Second phase of removing 1024-bit roots - Thawte, VeriSign, and Equifax

Categories

(NSS :: CA Certificates Code, task)

3.17.3
task
Not set

Tracking

(Not tracked)

RESOLVED FIXED

People

(Reporter: kwilson, Unassigned)

References

Details

(Whiteboard: Changes are in NSS 3.17.3, Firefox 36)

Please remove the following two 1024-bit root certificates owned by Symantec.

> Thawte Consulting cc	
> Certification Services Division	
> Thawte Server CA	
> 1996 Aug 01	
> 2020 Dec 31	
> MD5
> SHA1 Fingerprint: 23:E5:94:94:51:95:F2:41:48:03:B4:D5:64:D2:A3:A3:F5:D8:8B:8C
Note: The Websites and Code Signing trust bits are currently enabled (email trust bit not currently enabled.)


> Thawte Consulting cc	
> Certification Services Division	
> Thawte Premium Server CA	
> 1996 Aug 01	
> 2020 Dec 31	
> MD5
> SHA1 Fingerprint: 62:7F:8D:78:27:65:63:99:D2:7D:7F:90:44:C9:FE:B3:F3:3E:FA:9A
Note: The Websites and Code Signing trust bits are currently enabled (email trust bit not currently enabled.)

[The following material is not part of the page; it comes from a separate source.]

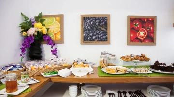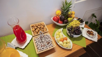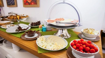 Ogni mattina viene allestito il buffet per la colazione con specialità del territorio dolci e salate. È possibile consumare la colazione in terrazza. Su richiesta viene fornito il room service.

Additionally, please turn off the WebSites and Code Signing trust bits for the following 1024-bit root certificates owned by Symantec.

> VeriSign, Inc.	
> VeriSign Trust Network	
> VeriSign Class 3 Public PCA – G2	
> 1998 May 18	
> 2028 Aug 01	
> SHA-1
> SHA1 Fingerprint: 85:37:1C:A6:E5:50:14:3D:CE:28:03:47:1B:DE:3A:09:E8:F8:77:0F

> Equifax Secure Inc.		
> Equifax Secure eBusiness CA-1	
> 1999 Jun 21	
> 2020 Jun 21	
> MD5
> SHA1 Fingerprint: DA:40:18:8B:91:89:A3:ED:EE:AE:DA:97:FE:2F:9D:F5:B7:D1:8A:41
Whiteboard: Target Firefox 32
Whiteboard: Target Firefox 32 → Target Firefox 33
Looking at the certs of the first 10, they all appear to be 4- or 5-year certs issued in 2010.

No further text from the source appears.